### Task statement
Restate the listing below word for word, and leave its pictures behind.

### Recorded information
>>>>

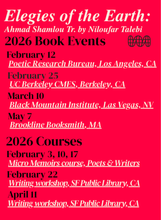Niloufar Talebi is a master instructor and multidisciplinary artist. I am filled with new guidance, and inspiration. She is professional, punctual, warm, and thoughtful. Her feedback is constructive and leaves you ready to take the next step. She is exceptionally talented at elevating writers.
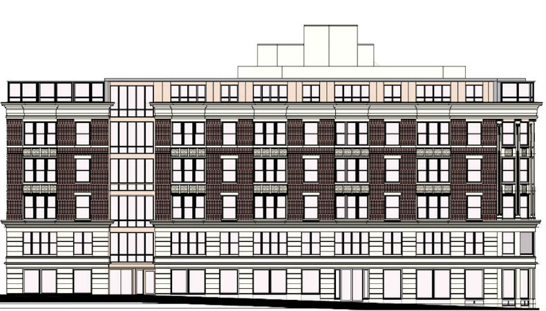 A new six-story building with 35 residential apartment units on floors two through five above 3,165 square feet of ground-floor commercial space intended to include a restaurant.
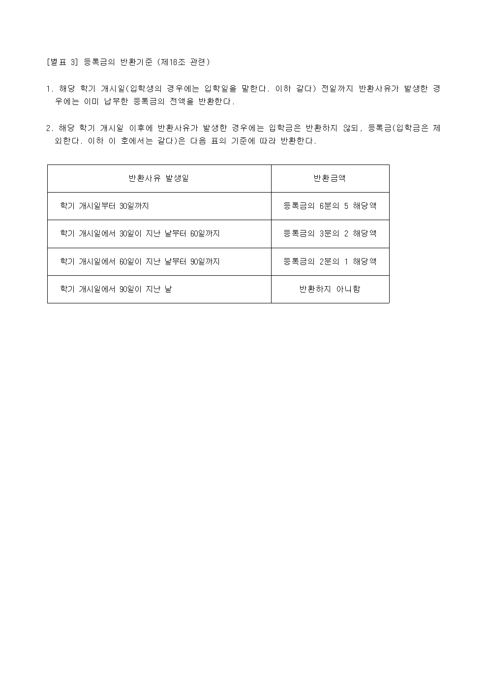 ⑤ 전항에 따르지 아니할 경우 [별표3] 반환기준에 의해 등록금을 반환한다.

<<<<

### Exercise solution
Niloufar Talebi is a master instructor and multidisciplinary artist. I am filled with new guidance, and inspiration. She is professional, punctual, warm, and thoughtful. Her feedback is constructive and leaves you ready to take the next step. She is exceptionally talented at elevating writers.
 A new six-story building with 35 residential apartment units on floors two through five above 3,165 square feet of ground-floor commercial space intended to include a restaurant.
 ⑤ 전항에 따르지 아니할 경우 [별표3] 반환기준에 의해 등록금을 반환한다.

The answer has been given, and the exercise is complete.